Jan 16 14:37:40 tools-webgrid-lighttpd-1204 sshd[21694]: Set /proc/self/oom_score_adj to 0
Jan 16 14:37:40 tools-webgrid-lighttpd-1204 sshd[21694]: Connection from 10.68.17.228 port 54394 on 10.68.18.49 port 22
Jan 16 14:38:10 tools-webgrid-lighttpd-1204 sshd[21696]: Set /proc/self/oom_score_adj to 0
Jan 16 14:38:10 tools-webgrid-lighttpd-1204 sshd[21696]: Connection from 10.68.17.232 port 45459 on 10.68.18.49 port 22
(...)
Jan 16 14:38:15 tools-webgrid-lighttpd-1204 sshd[21696]: error: AuthorizedKeysCommand /usr/sbin/ssh-key-ldap-lookup returned status 1
Jan 16 14:38:15 tools-webgrid-lighttpd-1204 sshd[21696]: Accepted publickey for root from 10.68.17.232 port 45459 ssh2: RSA 42:3a:c1:ab:15:5e:22:71:39:c6:a0:65:fe:a9:d2:2b
Jan 16 14:38:15 tools-webgrid-lighttpd-1204 sshd[21696]: pam_unix(sshd:session): session opened for user root by (uid=0)

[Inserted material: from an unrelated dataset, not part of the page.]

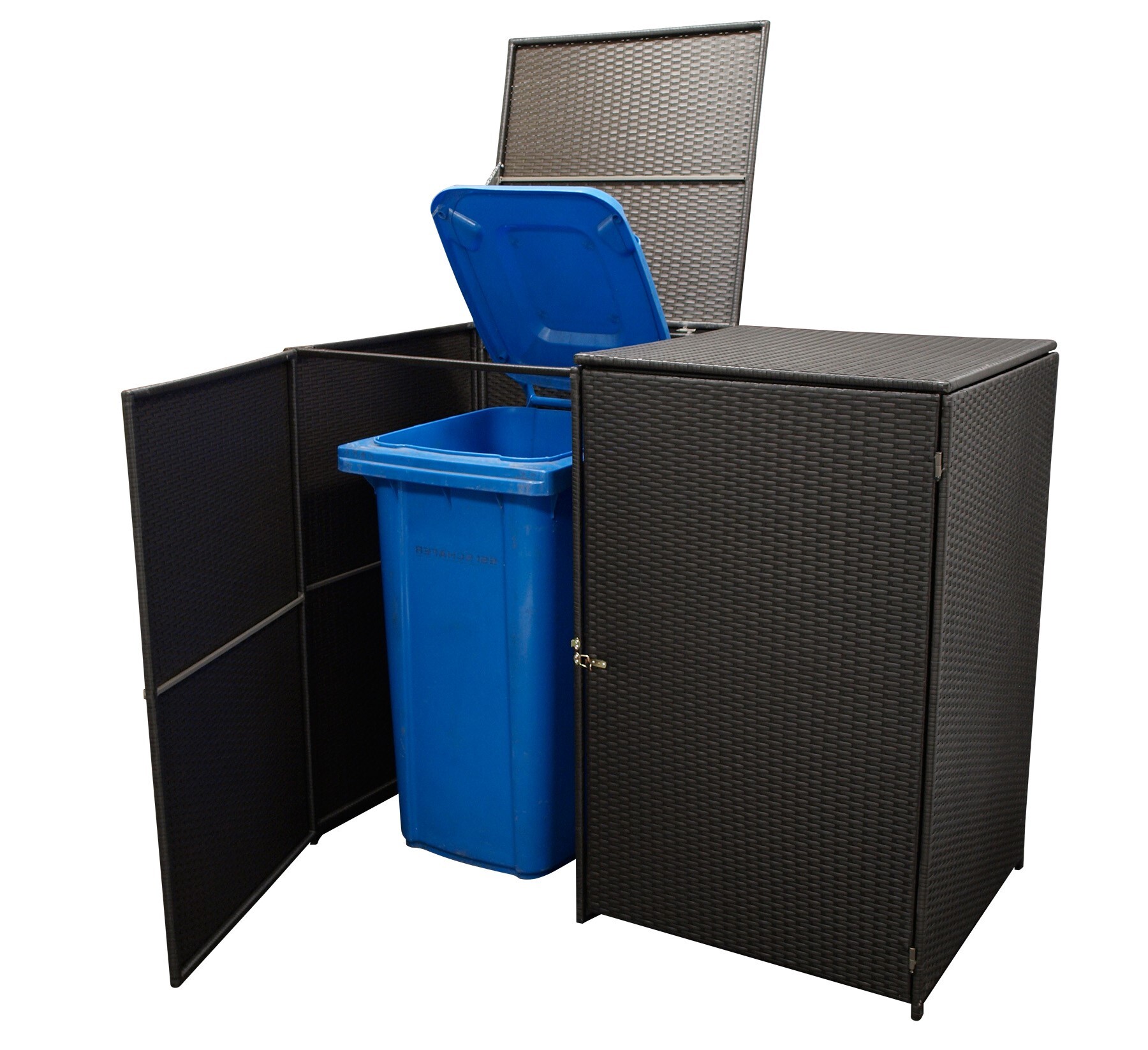 Mülltonnenbox für 2 Tonnen bis 240L. Aus Stahl und Polyrattan mocca.
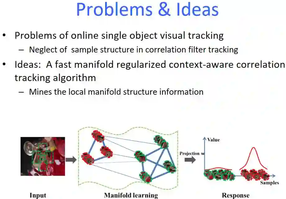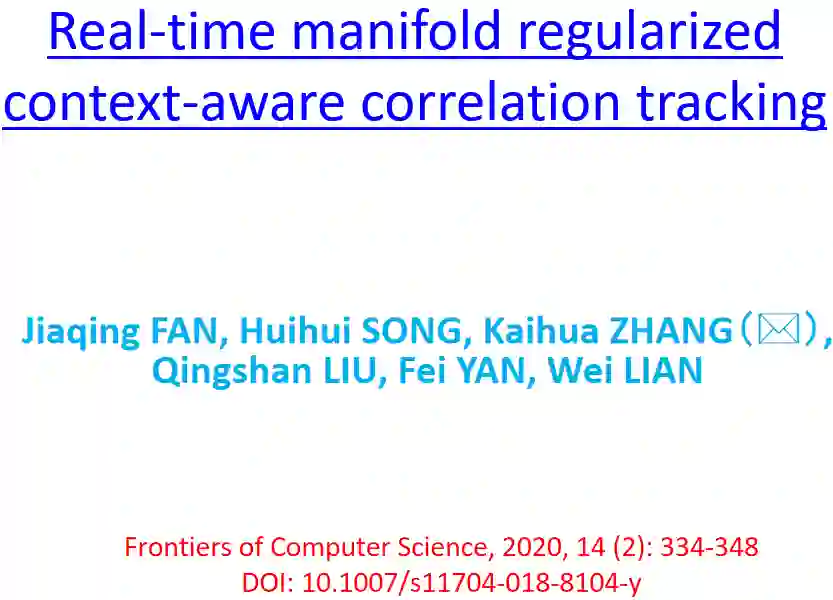 尽管相关滤波类目标跟踪方法取得了较好的效果,但是,其固有的样本循环假设导致样本冗余,不利于学到有效的分类器。本文提出了一种快速流形正则上下文感知相关滤波跟踪算法,来挖掘不同类型样本间的局部流形结构信息。首先,不同于只利用单一基样本的传统相关滤波跟踪方法,本文额外利用了一系列基样本周围的上下文样本,并对其施加流形结构假设。然后,考虑到这些样本之间存在的流形结构,本文在相关滤波学习中,引入线性图拉普拉斯正则项。巧合的是,这个优化问题能够利用快速傅里叶变换求得闭式解,因而能够实现高效计算。大量在OTB100和VOT2016数据集上的实验结果表明,本文提出的跟踪算法在准确性和鲁棒性方面,表现优于几个最先进的算法。特别是本文介绍的跟踪器在单个CPU上以28fps的速度实时运行。

(!) so the authentication succeeds, but then the connection just hangs?

Same issue today on tools-webgrid-lighttpd-1412 (T124038):

[1691760.896155] INFO: task jbd2/vda1-8:175 blocked for more than 120 seconds.
[1691760.902121]       Not tainted 3.13.0-62-generic #102-Ubuntu
[1691760.903224] "echo 0 > /proc/sys/kernel/hung_task_timeout_secs" disables this message.
[1691760.905020] INFO: task kworker/u8:2:7054 blocked for more than 120 seconds.
[1691760.906295]       Not tainted 3.13.0-62-generic #102-Ubuntu
[1691760.907272] "echo 0 > /proc/sys/kernel/hung_task_timeout_secs" disables this message.
[1691880.908100] INFO: task init:1 blocked for more than 120 seconds.
[1691880.911512]       Not tainted 3.13.0-62-generic #102-Ubuntu
[1691880.911959] "echo 0 > /proc/sys/kernel/hung_task_timeout_secs" disables this message.
[1691880.912751] INFO: task jbd2/vda1-8:175 blocked for more than 120 seconds.
[1691880.913308]       Not tainted 3.13.0-62-generic #102-Ubuntu
[1691880.913756] "echo 0 > /proc/sys/kernel/hung_task_timeout_secs" disables this message.
[1691880.914463] INFO: task jbd2/dm-1-8:334 blocked for more than 120 seconds.
[1691880.915002]       Not tainted 3.13.0-62-generic #102-Ubuntu
[1691880.915456] "echo 0 > /proc/sys/kernel/hung_task_timeout_secs" disables this message.
[1691880.916200] INFO: task kworker/u8:2:7054 blocked for more than 120 seconds.
[1691880.916757]       Not tainted 3.13.0-62-generic #102-Ubuntu
[1691880.917204] "echo 0 > /proc/sys/kernel/hung_task_timeout_secs" disables this message.
[1691880.917964] INFO: task cron:18501 blocked for more than 120 seconds.
[1691880.918478]       Not tainted 3.13.0-62-generic #102-Ubuntu
[1691880.918924] "echo 0 > /proc/sys/kernel/hung_task_timeout_secs" disables this message.
[1691880.919642] INFO: task sort:18520 blocked for more than 120 seconds.
[1691880.920159]       Not tainted 3.13.0-62-generic #102-Ubuntu
[1691880.920606] "echo 0 > /proc/sys/kernel/hung_task_timeout_secs" disables this message.
[1691880.921276] INFO: task sort:18540 blocked for more than 120 seconds.
[1691880.921781]       Not tainted 3.13.0-62-generic #102-Ubuntu
[1691880.922686] "echo 0 > /proc/sys/kernel/hung_task_timeout_secs" disables this message.
[1691880.923361] INFO: task sort:18544 blocked for more than 120 seconds.
[1691880.923869]       Not tainted 3.13.0-62-generic #102-Ubuntu
[1691880.924358] "echo 0 > /proc/sys/kernel/hung_task_timeout_secs" disables this message.

I rebooted that instance.

chasemp claimed this task.
chasemp subscribed.

It's currently up and going and I don't have more details to add here so I'm going to close the subtask.